# [What to do]
With the pictures left out, restate exactly the part below that opens with the line containing "CWA designers, Sivly" and closes with the line containing "Москва. 5 декабря.".

(Dataset items)
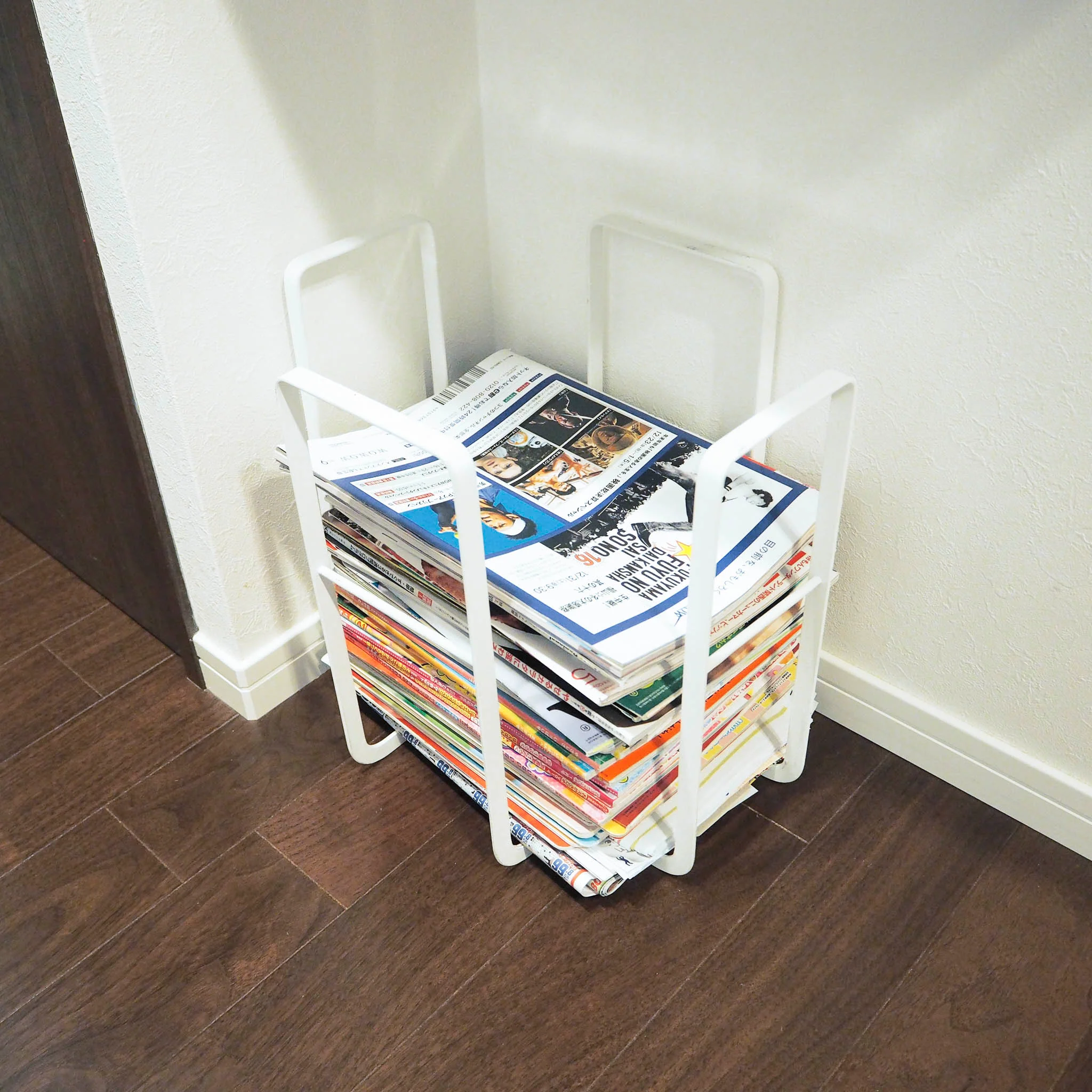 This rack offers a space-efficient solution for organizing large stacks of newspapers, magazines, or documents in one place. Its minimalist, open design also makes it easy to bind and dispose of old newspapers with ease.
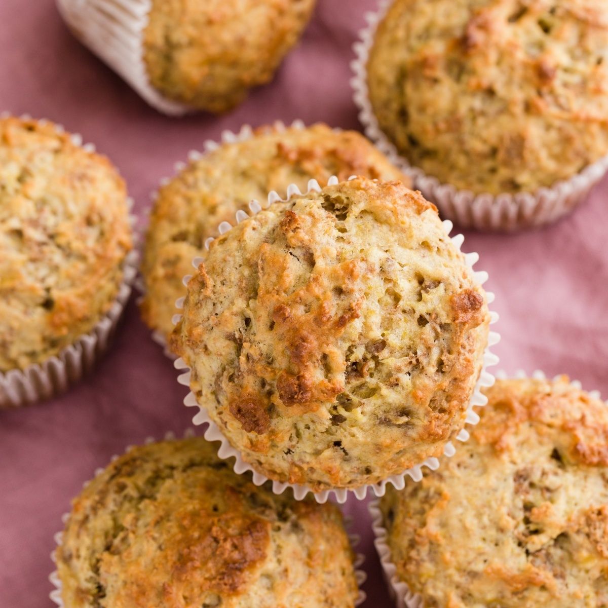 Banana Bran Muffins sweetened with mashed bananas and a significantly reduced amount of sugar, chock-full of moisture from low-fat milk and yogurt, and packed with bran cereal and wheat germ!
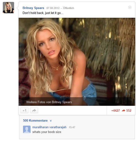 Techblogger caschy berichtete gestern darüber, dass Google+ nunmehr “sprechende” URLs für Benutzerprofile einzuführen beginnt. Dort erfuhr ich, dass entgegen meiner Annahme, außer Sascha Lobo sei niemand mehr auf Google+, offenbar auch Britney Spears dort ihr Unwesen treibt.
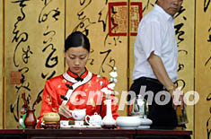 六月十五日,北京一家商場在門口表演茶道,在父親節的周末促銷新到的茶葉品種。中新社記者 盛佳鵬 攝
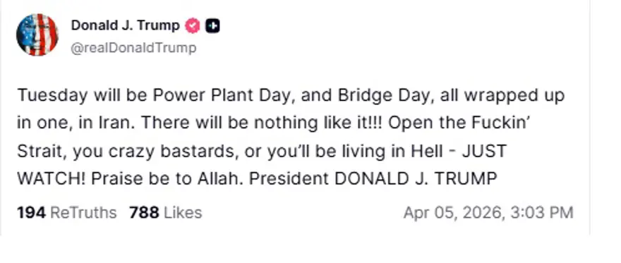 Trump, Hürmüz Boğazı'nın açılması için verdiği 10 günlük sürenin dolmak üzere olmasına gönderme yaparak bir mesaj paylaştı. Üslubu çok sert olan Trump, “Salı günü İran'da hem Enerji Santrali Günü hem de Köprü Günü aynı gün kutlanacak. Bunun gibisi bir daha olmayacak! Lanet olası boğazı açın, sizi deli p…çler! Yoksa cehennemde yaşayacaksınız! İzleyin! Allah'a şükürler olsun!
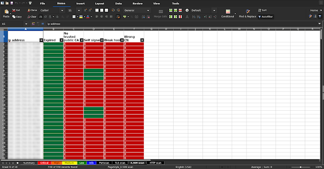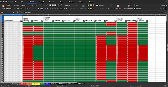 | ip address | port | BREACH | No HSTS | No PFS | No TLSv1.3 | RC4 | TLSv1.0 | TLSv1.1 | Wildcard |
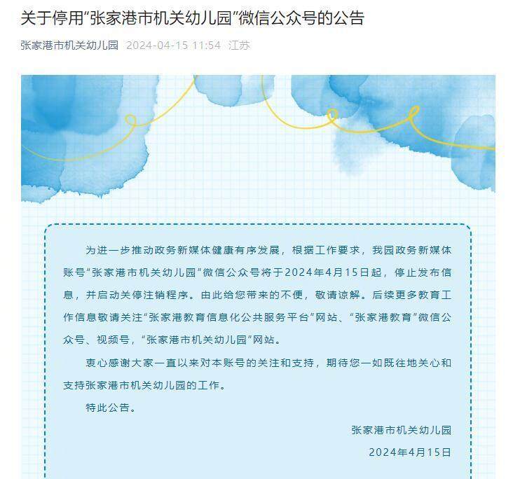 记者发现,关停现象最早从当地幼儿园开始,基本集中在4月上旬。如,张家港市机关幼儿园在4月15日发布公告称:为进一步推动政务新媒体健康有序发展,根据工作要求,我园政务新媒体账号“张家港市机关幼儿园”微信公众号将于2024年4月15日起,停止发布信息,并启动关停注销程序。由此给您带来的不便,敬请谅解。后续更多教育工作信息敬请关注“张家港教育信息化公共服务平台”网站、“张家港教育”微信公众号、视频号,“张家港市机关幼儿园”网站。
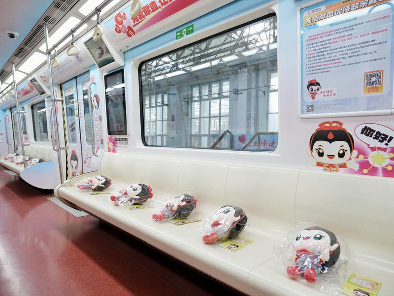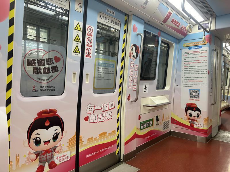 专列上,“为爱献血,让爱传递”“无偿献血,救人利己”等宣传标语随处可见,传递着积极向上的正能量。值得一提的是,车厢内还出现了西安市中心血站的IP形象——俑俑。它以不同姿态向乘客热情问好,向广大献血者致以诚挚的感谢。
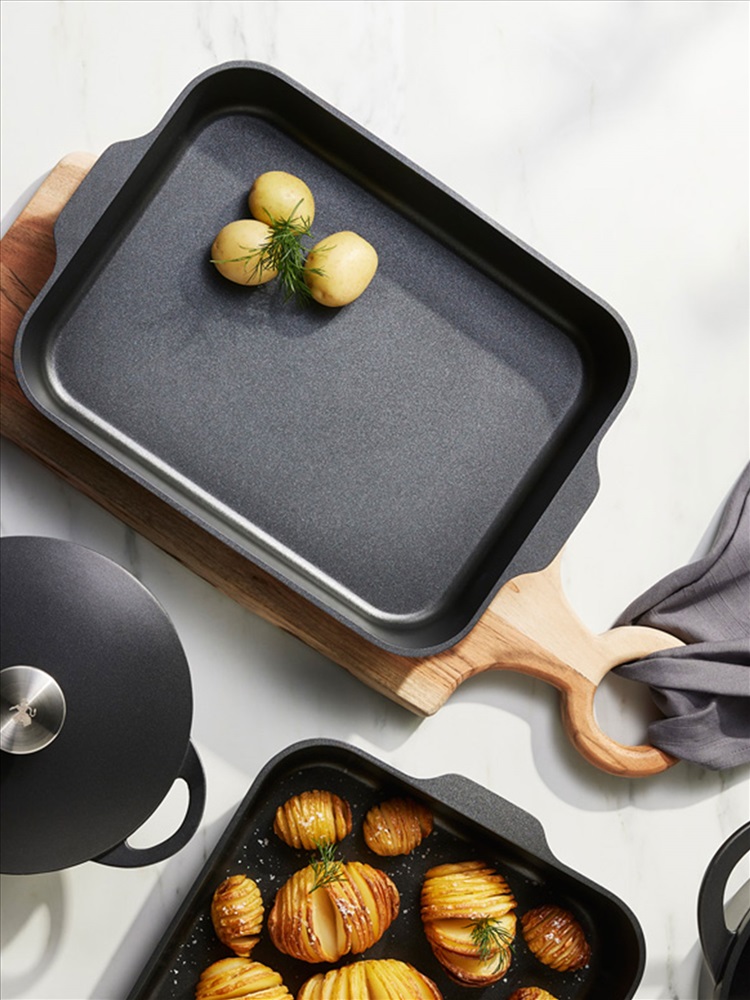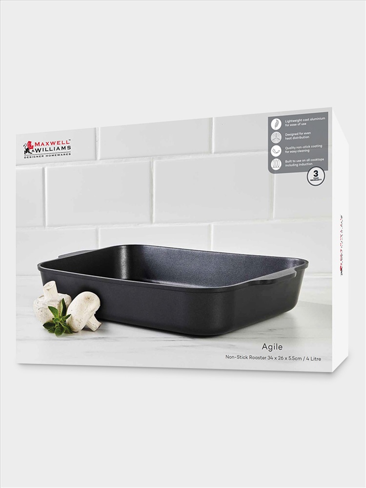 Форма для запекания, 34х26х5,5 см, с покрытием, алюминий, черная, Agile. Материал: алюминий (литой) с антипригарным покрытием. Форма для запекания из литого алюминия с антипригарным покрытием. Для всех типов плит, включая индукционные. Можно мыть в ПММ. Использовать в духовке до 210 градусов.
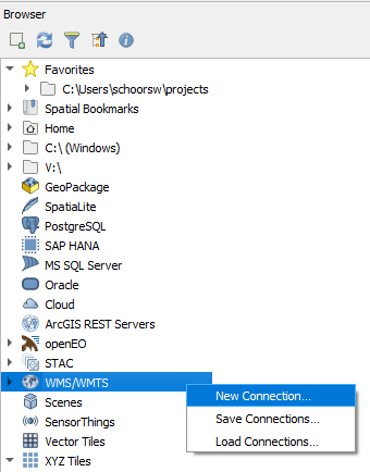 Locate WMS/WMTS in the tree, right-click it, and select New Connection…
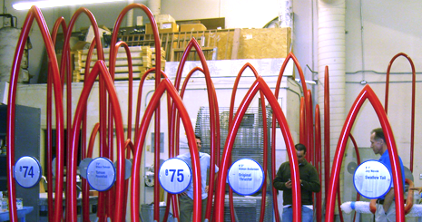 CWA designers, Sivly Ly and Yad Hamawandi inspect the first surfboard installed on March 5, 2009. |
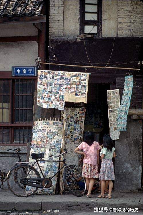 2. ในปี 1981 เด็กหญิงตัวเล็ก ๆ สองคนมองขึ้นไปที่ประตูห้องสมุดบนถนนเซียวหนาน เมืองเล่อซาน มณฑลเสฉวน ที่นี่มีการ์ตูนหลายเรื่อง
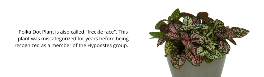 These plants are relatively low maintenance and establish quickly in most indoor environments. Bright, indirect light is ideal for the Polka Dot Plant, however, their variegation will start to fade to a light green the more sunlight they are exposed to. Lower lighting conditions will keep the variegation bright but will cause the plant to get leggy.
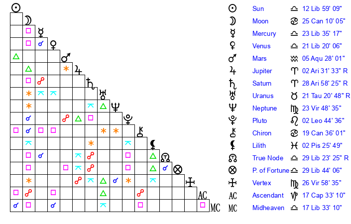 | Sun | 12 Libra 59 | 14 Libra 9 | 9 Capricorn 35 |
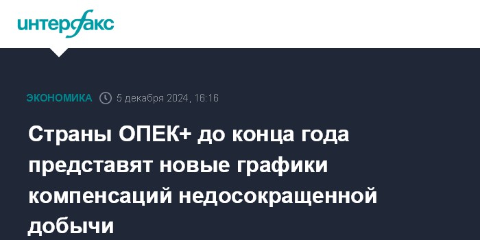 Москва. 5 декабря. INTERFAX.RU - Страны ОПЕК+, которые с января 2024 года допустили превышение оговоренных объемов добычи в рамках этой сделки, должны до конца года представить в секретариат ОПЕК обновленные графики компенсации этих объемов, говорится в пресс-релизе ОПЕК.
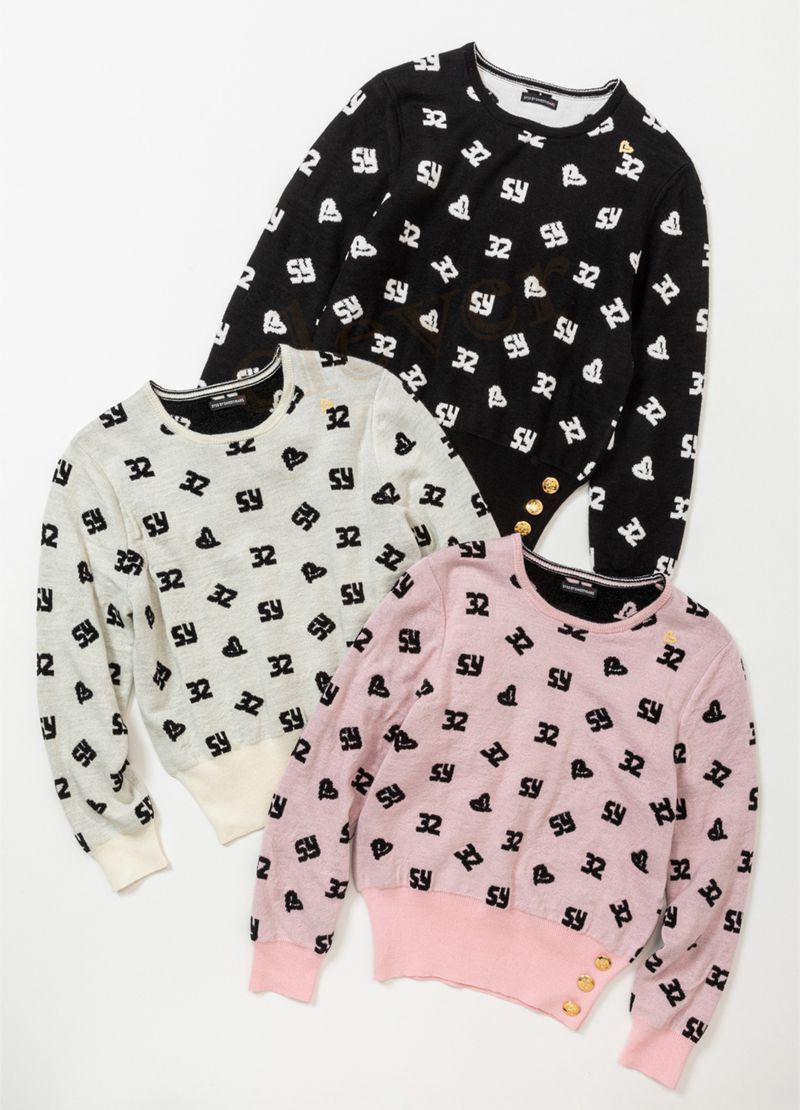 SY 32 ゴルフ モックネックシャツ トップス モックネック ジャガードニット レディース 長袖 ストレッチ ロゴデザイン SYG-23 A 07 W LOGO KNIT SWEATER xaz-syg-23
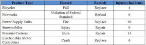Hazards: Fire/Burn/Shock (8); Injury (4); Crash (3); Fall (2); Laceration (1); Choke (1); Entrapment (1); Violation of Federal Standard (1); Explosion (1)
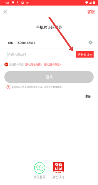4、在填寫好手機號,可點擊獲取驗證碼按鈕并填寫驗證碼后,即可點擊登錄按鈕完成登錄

# [Solution to this task]
 CWA designers, Sivly Ly and Yad Hamawandi inspect the first surfboard installed on March 5, 2009. |
 2. ในปี 1981 เด็กหญิงตัวเล็ก ๆ สองคนมองขึ้นไปที่ประตูห้องสมุดบนถนนเซียวหนาน เมืองเล่อซาน มณฑลเสฉวน ที่นี่มีการ์ตูนหลายเรื่อง
 These plants are relatively low maintenance and establish quickly in most indoor environments. Bright, indirect light is ideal for the Polka Dot Plant, however, their variegation will start to fade to a light green the more sunlight they are exposed to. Lower lighting conditions will keep the variegation bright but will cause the plant to get leggy.
 | Sun | 12 Libra 59 | 14 Libra 9 | 9 Capricorn 35 |
 Москва. 5 декабря. INTERFAX.RU - Страны ОПЕК+, которые с января 2024 года допустили превышение оговоренных объемов добычи в рамках этой сделки, должны до конца года представить в секретариат ОПЕК обновленные графики компенсации этих объемов, говорится в пресс-релизе ОПЕК.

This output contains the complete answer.